Why isn't an electron a black hole? My late night thoughts brought me to a question: If electrons are point particles, but have mass, why aren't they black holes?
 A: The Schwarzschild radius of an electron is
\begin{equation}
r_{s,e}=\frac{2 G m_e}{c^2} = 1.4 \times 10^{-55}\ {\rm cm}
\end{equation}
This is actually almost two dozen orders of magnitude smaller than the Planck length, $1.6 \times 10^{-33}\ {\rm cm}$, which is the length scale at which quantum fluctuations in spacetime itself become so large that we need a quantum theory of gravity to really make sense of what's going on, but let's ignore that for the purposes of this question.
Because of the uncertainty principle, in quantum mechanics it isn't possible to localize a particle very precisely, even a point particle. The Compton wavelength of an electron gives the typical length scale over which an electron at rest will "spread out" due to quantum effects. (More precisely it is the wavelength associated with the wave function of an electron at rest, and also if you try to localize the electron to a length scale smaller than its quantum wavelength, it will have enough energy due to the uncertainty principle to start generating electron-positron pairs and therefore stops being "an electron").  The Compton wavelength of the electron is
\begin{equation}
\lambda_e = \frac{h}{m_e c} = 2.4 \times 10^{-10}\ {\rm cm} \gg r_{s,e}
\end{equation}
Therefore quantum fluctuations "fuzz out" the position of the electron at rest on a length scale approximately $10^{45}$ times larger than the Schwarzschild radius of the electron. Since a black hole only forms if the mass is concentrated inside the Schwarzschild radius, the uncertainty principle protects the electron from collapse. In fact long before you have to worry about an isolated electron collapsing into a black hole, you would need to worry about almost inconceivably high energy experiments where two scattering electrons would have enough kinetic energy packed into a small space that the pair would form a black hole.
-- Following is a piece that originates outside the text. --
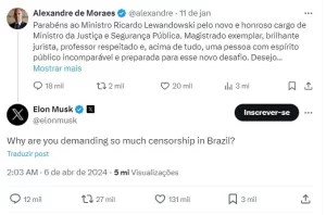 O atual CEO da Tesla, em um de seus ataques, respondeu a postagem do ministro com o questionamento: “Por que vocês estão exigindo tanta censura no Brasil?”.
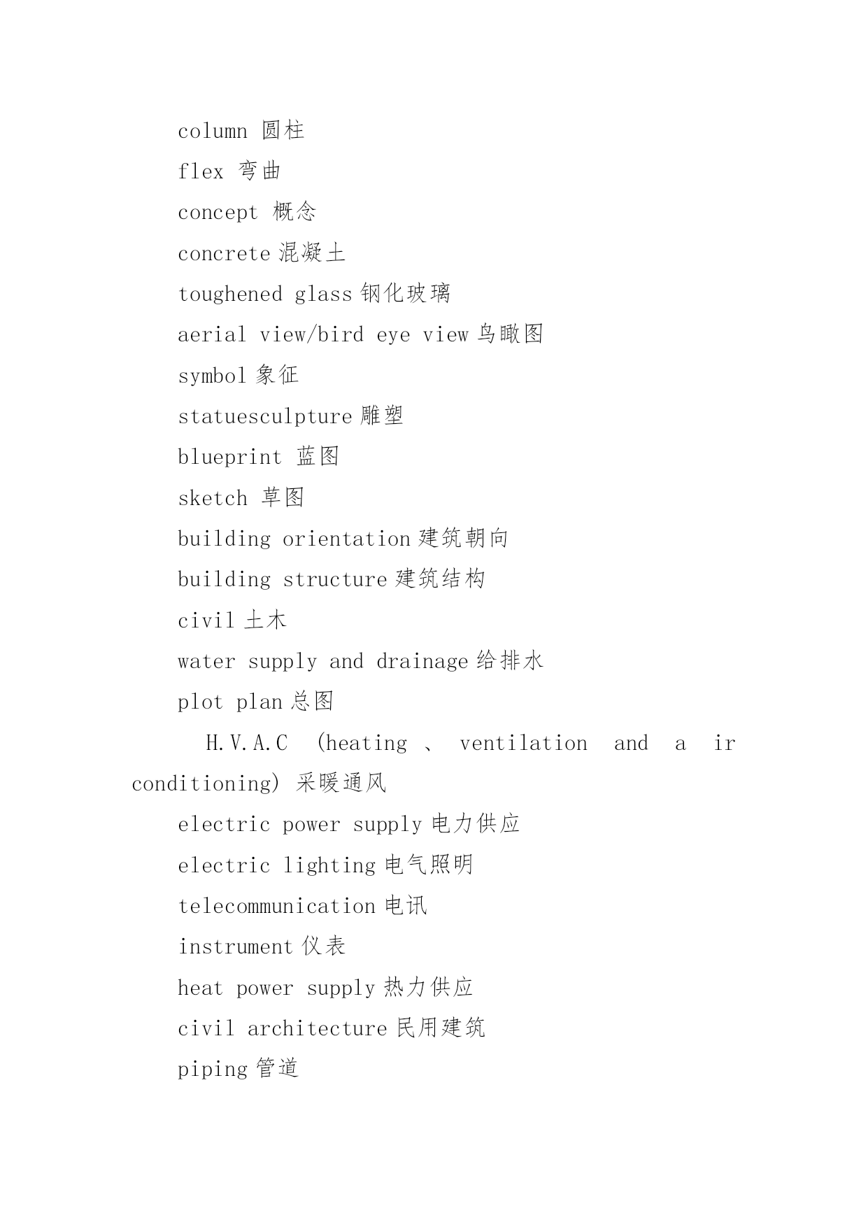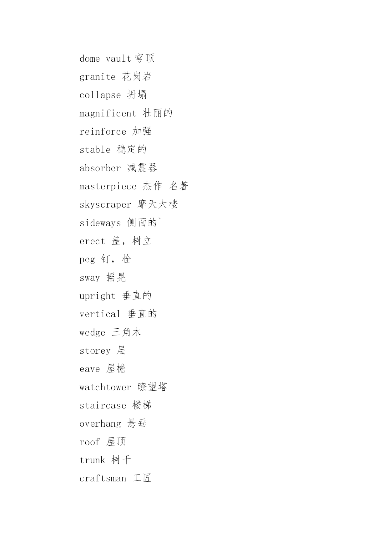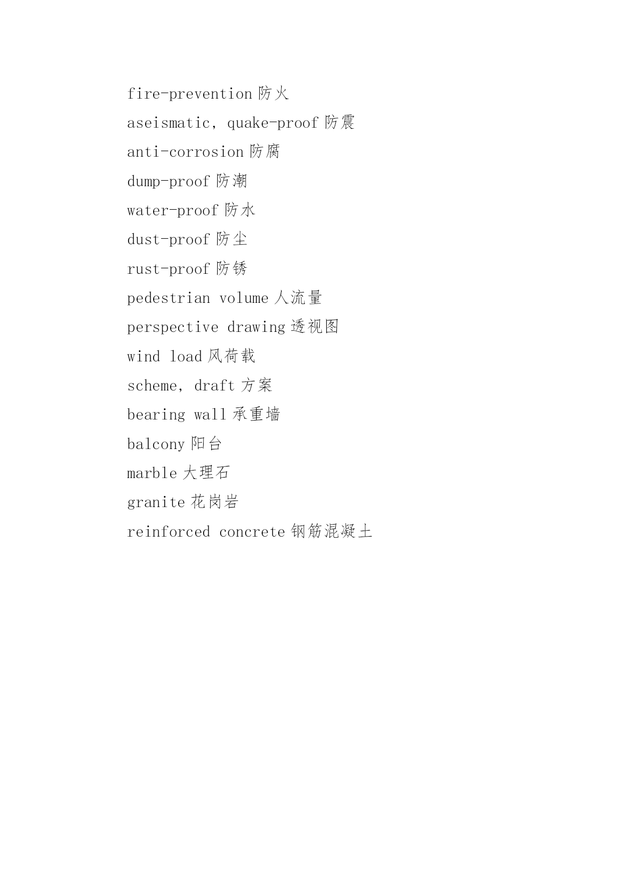 托福建筑学词汇 托福建筑学词汇architect建筑师architecture建筑学arch拱形baroquestyle巴洛克rococostyle洛可可pillarpost柱bartendon钢筋construction建造icon肖像,画像statue雕像dam坝tunnel隧道pyramid金字塔canyon、gorge峡谷monument纪念碑church教堂abbey教堂landmark路标里程碑suspensionbridge悬浮桥beam梁domevault穹顶granite花岗岩collapse坍塌magnificent壮丽的reinforce加强stable稳定的absorber减震器masterpiece杰作名著skyscraper摩天大楼sideways侧面的`erect盖,树立peg钉,栓sway摇晃upright垂直的vertical垂直的wedge三角木storey层eave屋檐watchtower瞭望塔staircase楼梯overhang悬垂roof屋顶trunk树干craftsman工匠column圆柱flex弯曲concept概念concrete混凝土toughenedglass钢化玻璃aerialview/birdeyeview鸟瞰图symbol象征statuesculpture雕塑blueprint蓝图sketch草图buildingorientation建筑朝向buildingstructure建筑结构civil土木watersupplyanddrainage给排水plotplan总图H.V.A.C(heating、ventilationandairconditioning)采暖通风electricpowersupply电力供应electriclighting电气照明telecommunication电讯instrument仪表heatpowersupply热力供应civilarchitecture民用建筑piping管道fire-prevention防火aseismatic,quake-proof防震anti-corrosion防腐dump-proof防潮water-proof防水dust-proof防尘rust-proof防锈pedestrianvolume人流量perspectivedrawing透视图windload风荷载scheme,draft方案bearingwall承重墙balcony阳台marble大理石granite花岗岩reinforcedconcrete钢筋混凝土

The meaning of the electron being "point-like" in particle physics has actually very little to do with how well we can localize it. Rather, it is a statement about the kinds of interactions an electron has at high energies. Point-like particles have a simple and characteristic scattering behavior at high energies. However for composite particles in high-energy scattering experiments, you will excite internal states of a composite particle, leading to behavior which differs from the simple "point-like" behavior. if you are interested in learning more about how this kind of thinking led to the discovery that the proton (and other nuclear particles) are made of quarks, you might be interested in reading about deep inelastic scattering.
A: The description of the gravity of an electron requires quantum gravity, a theory which does not yet exist. Any statements on gravity at subatomic scale are speculation. See also https://en.wikipedia.org/wiki/Black_hole_electron.